Anatomy of I/O Latency on a Fibre Channel Fabric

Brett Allison - 16 April 2021

What’s in a storage system response time? Every storage system vendor has different methods and definitions surrounding the response times provided, but unfortunately most of the explanations lack clarity into the components of the response times.

In this blog we will examine the components of the response times for I/O on a fibre channel fabric with block storage.

4 Steps Required for an I/O To Be Completed

Figure 1 displays the steps that occur for an I/O to be completed:

The host initiates the I/O request
Switch routes the request to the target address
The storage system receives the requests (starts an internal processing counter) and performs processing to gather the required data. It then sends the data back to the host, stops internal processing counter on send and starts the network timer.
The host receives and processes the data and sends an acknowledgement of receipt. The storage system receives the acknowledgment and stops the network timer.

Figure 1: Steps required for an I/O to be completed

All response time measurements observed at the storage array are limited in visibility. For example, the storage array cannot know when the host has sent the request, nor does it know the duration of time between the initial host send and the receipt at the storage array.

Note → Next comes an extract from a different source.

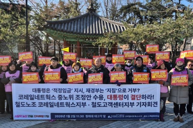 지부는 "정부가 만든 지침이 정부기구인 중노위 조정안조차 무력화하는 모순적 상황을 대통령이 직접 해결해야 한다"며 △코레일네트웍스의 중노위 임금 조정안 수용 △기재부 총인건비 지침 개선 및 예외 인정 등에 대한 이 대통령의 결단을 촉구했다.

That is, the time accumulated in step 1 and step 2 above is opaque to the storage system. One could wager that the amount of time in step 1 is roughly equivalent to the amount of time in step 4, but they couldn’t be certain without timing measurements from the host or the switches.

Various Response Time Definitions

Now that we understand the basic steps, we can define and categorize the different types of response times, also referred to as latencies, that may be available. In reality it depends on what the vendor thought was important, but generally the following variations are encountered in storage system performance data:

Internal processing

This is the time between receiving the host I/O request and sending back the response.

Round-trip time

Also called end-to-end response time. This is the time between reception of the host I/O request, and reception of the host acknowledgement after sending the response.

Network time

This is the difference between round-trip time and internal processing. In addition to the actual time spent in the fabric, this includes the time spent by the host to ingest the response of the storage system. While this is referred to as network time, it does not include the time spent between when the host has initiated a request and the moment the request is received by the storage system.

Full

Internal processing and round-trip time are both available.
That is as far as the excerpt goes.